● Your assignment
Restate all the lines below word for word, but omit the pictures.

● Data section
==*==
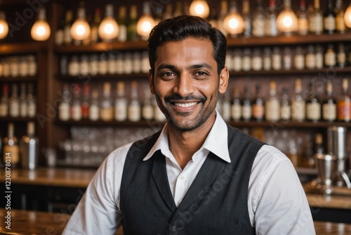 close portrait of a 40s smiling Indian male bartender against blurred bar background
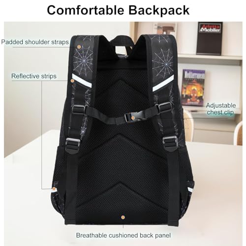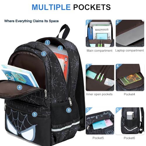 Octsky Kids Backpack for School Boys Backpack with Lunch Box Elementary Bookbag, Spider Black 3pcs
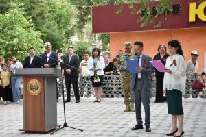 Иш-чарага шаар мэри А.Жумаев, шаардык Кеңештин төрагасы Д.Атамурзаев, Аскер комиссариатынын комиссары подполковник А.Осмонов, 12544 аскер бөлүгүнүн командири майор Кочкоров А., Жаштар комитетинин төрагасы Д.Муратбеков жана мекеме уюмдардын жетекчилери, шаар тургундары катышты.
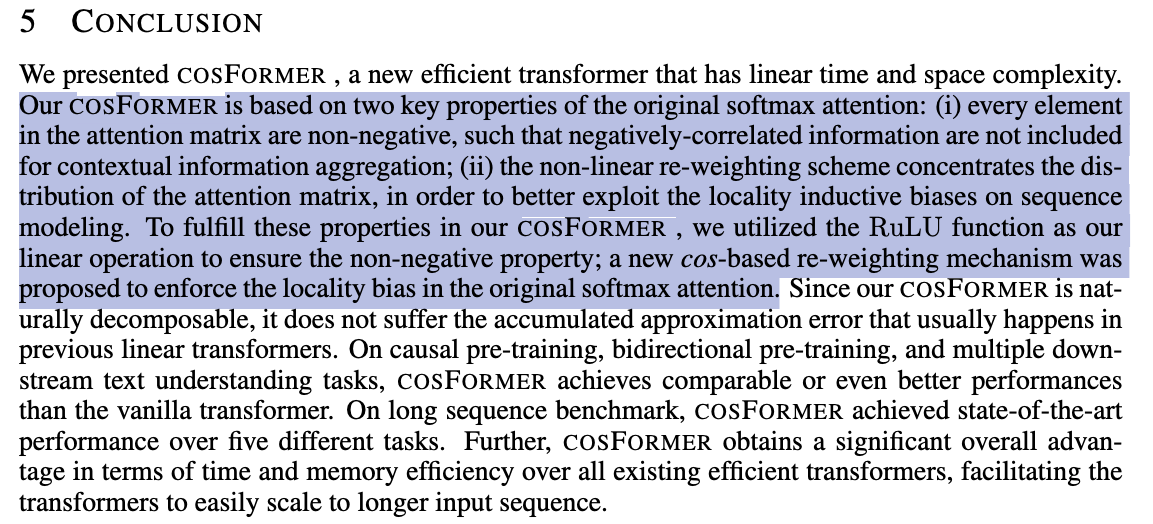 본 논문에서는 COSFORMER라는 Linear Transformer를 제안한다.
==*==
● Exercise answer
 close portrait of a 40s smiling Indian male bartender against blurred bar background
 Octsky Kids Backpack for School Boys Backpack with Lunch Box Elementary Bookbag, Spider Black 3pcs
 Иш-чарага шаар мэри А.Жумаев, шаардык Кеңештин төрагасы Д.Атамурзаев, Аскер комиссариатынын комиссары подполковник А.Осмонов, 12544 аскер бөлүгүнүн командири майор Кочкоров А., Жаштар комитетинин төрагасы Д.Муратбеков жана мекеме уюмдардын жетекчилери, шаар тургундары катышты.
 본 논문에서는 COSFORMER라는 Linear Transformer를 제안한다.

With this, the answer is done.